Tempo: The overall estimated tempo of a track in beats per minute (BPM).
Speechiness: Detects the presence of spoken words in a track. The more exclusively speech-like the recording (e.g. talk show, audio book, poetry), the closer to 1.0 the attribute value.
Instrumentalness: Predicts whether a track contains no vocals.
Danceability: Danceability describes how suitable a track is for dancing based on a combination of musical elements including tempo, rhythm stability, beat strength, and overall regularity.
Loudness The overall loudness of a track in decibels (dB).
# Package names
packages <- c("dplyr", "ggplot2", "lubridate", "here", "knitr", "stringr", "tidytext",
"wordcloud", "devtools", "RColorBrewer", "ggridges", "wordcloud2",
"highcharter", "tm", "ggwordcloud", "syuzhet", "stm", "quanteda",
"data.table", "plotly", "tidyverse", "reshape2", "gapminder", "textdata",
"spotifyr", "ggiraph", "cluster", "factoextra", "kableExtra")
# Install packages not yet installed
installed_packages <- packages %in% rownames(installed.packages())
if (any(installed_packages == FALSE)) {
install.packages(packages[!installed_packages])
}
# Packages loading
invisible(lapply(packages, library, character.only = TRUE))
#this R script contains my spottily API credentials and username and playlist id.
source(here::here('R Scripts', 'spotify_credentials.R'))
#getting the username and playlist information so I can pull all the songs I want to analyze
#getting the audio playlist features so I can analyze those
fave_songs_ever = get_playlist_audio_features(playlist_username1, playlist_uris4)
#the artist name is inside fave_songs_ever are inside a nested list so I will have to get the artist name
#using a for loop
artist_names = fave_songs_ever$track.artists
names = 0
for (i in 1:548) {
names[i] = artist_names[[i]]$name
}
##adding artist name to fave_songs_ever
fave_songs_ever =
fave_songs_ever %>%
add_column(artist = names)
##going to create another data frame that includes only the relevant information for the analysis
fave_songs_ever2 =
fave_songs_ever %>%
dplyr::select(track.name, artist, valence,
energy, tempo, speechiness,
acousticness, instrumentalness, danceability,
loudness) %>%
dplyr::rename(song = track.name)
##there is a song I did not mean to include in this playlist, so I am going to remove it completely
fave_songs_ever2 =
fave_songs_ever2 %>%
dplyr::select(song, artist, valence,
energy, tempo, speechiness,
acousticness, instrumentalness, danceability,
loudness) %>%
dplyr::filter(song != "Dancing With A Ghost")
##need to rename 4 songs.
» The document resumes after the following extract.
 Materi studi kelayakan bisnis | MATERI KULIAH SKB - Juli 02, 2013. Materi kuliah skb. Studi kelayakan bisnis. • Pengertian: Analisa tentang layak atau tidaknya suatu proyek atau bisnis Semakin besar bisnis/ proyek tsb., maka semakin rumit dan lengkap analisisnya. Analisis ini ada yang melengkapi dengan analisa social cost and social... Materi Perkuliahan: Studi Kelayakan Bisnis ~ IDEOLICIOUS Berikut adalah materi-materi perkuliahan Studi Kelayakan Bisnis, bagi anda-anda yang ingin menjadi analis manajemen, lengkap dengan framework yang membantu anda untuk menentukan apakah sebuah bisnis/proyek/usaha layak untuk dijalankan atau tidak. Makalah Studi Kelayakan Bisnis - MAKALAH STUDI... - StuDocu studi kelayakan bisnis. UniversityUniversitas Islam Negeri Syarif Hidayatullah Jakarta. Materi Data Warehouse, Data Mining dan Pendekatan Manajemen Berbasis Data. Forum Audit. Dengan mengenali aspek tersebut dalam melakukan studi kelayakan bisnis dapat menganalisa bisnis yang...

There are two songs with the title Missing and two songs with the title Monster
n_occur = data.frame(table(fave_songs_ever2$song))
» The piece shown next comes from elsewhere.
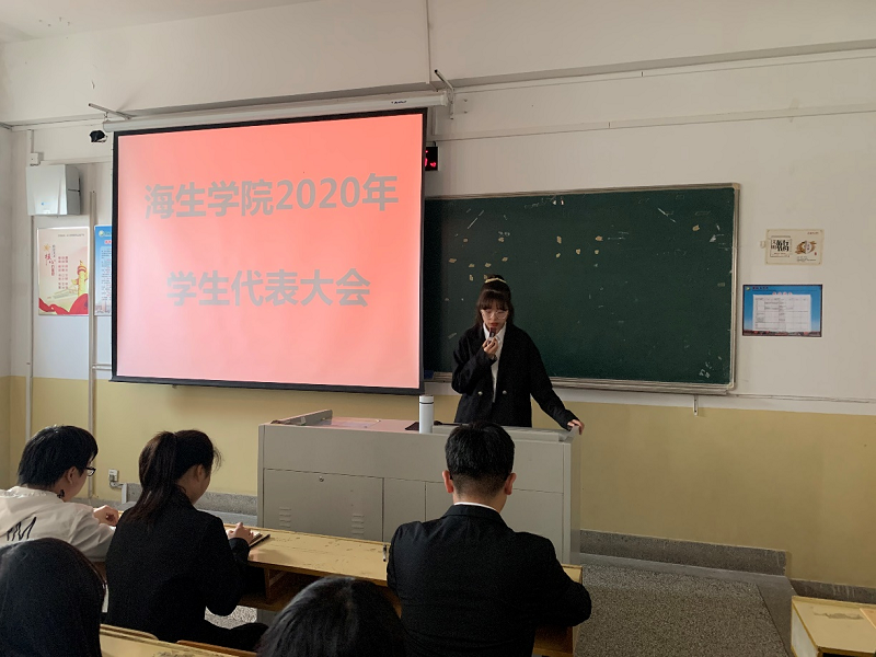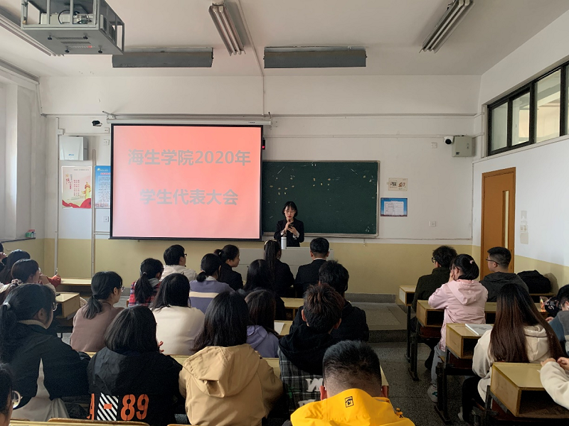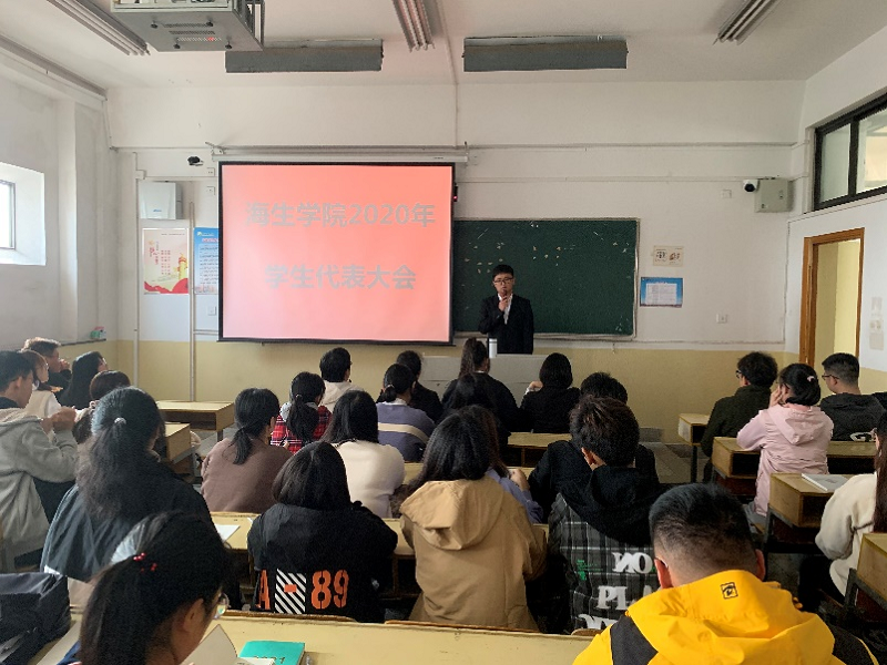 2020年11月19日中午,在北校区知行楼406,海生学院召开第七次学生代表大会,学院学生会主席团候选人,全体学生代表参加。

n_occur[n_occur$Freq > 1,]
fave_songs_ever2$id = 1:nrow(fave_songs_ever2)
fave_songs_ever2 %>% dplyr::filter(song == "Missing")
fave_songs_ever2[fave_songs_ever2$id==280, "song"] = "Missing Flyleaf"
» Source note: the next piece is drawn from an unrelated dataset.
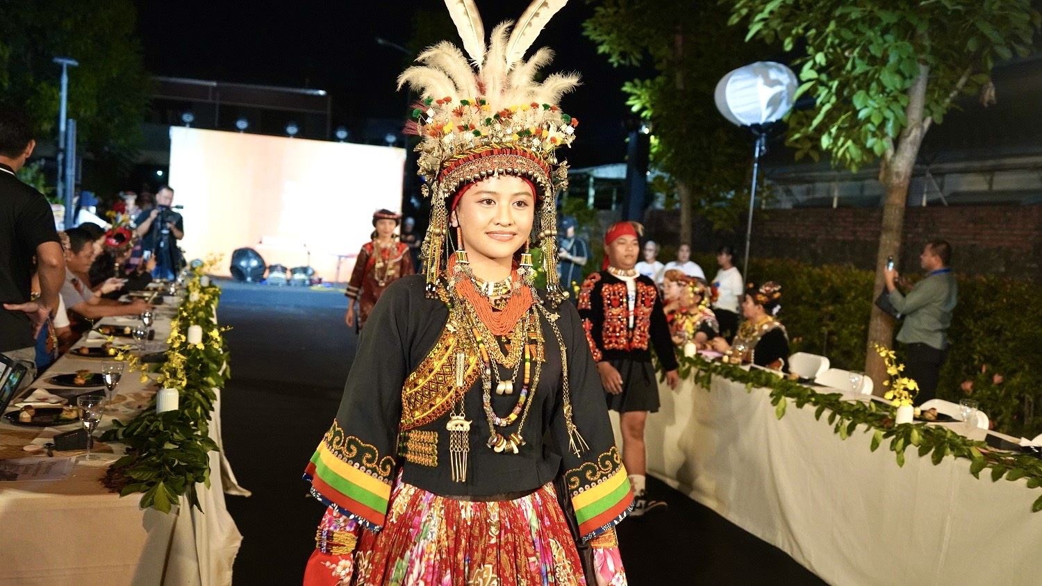 活動開場由屏東原鄉、屏東市原住民族協會青年及吐瓦魯在台學生會共同演出,青年男女身著族群華麗服飾,踏著鼓點緩緩入場,月光照映下的步伐充滿力量與柔情,縣長周春米也以一襲原民當代改良服飾現身舞台,象徵傳統與現代的交融,贏得現場掌聲不斷。現場觀眾沉醉於旋律、燈影與香氣交織的南島夜色中,月光、樂聲、走秀與佳餚相映成趣,成就一場難忘的文化饗宴。

fave_songs_ever2[fave_songs_ever2$id==320, "song"] = "Missing Evanescence"
fave_songs_ever2 %>% dplyr::filter(song == "Monster")
fave_songs_ever2[fave_songs_ever2$id==229, "song"] = "Monster Lady Gaga"
fave_songs_ever2[fave_songs_ever2$id==339, "song"] = "Monster Meg & Dia"
To determine the optimal number of clusters, I used the elbow method. Where you see the bend occur shows the suggested number of clusters for your k-means. According the graph below, 3 is the optimal number.
#scaling the data for kmeans clustering
my_fave_songs_scaled = scale(fave_songs_ever2[, c(3:10)])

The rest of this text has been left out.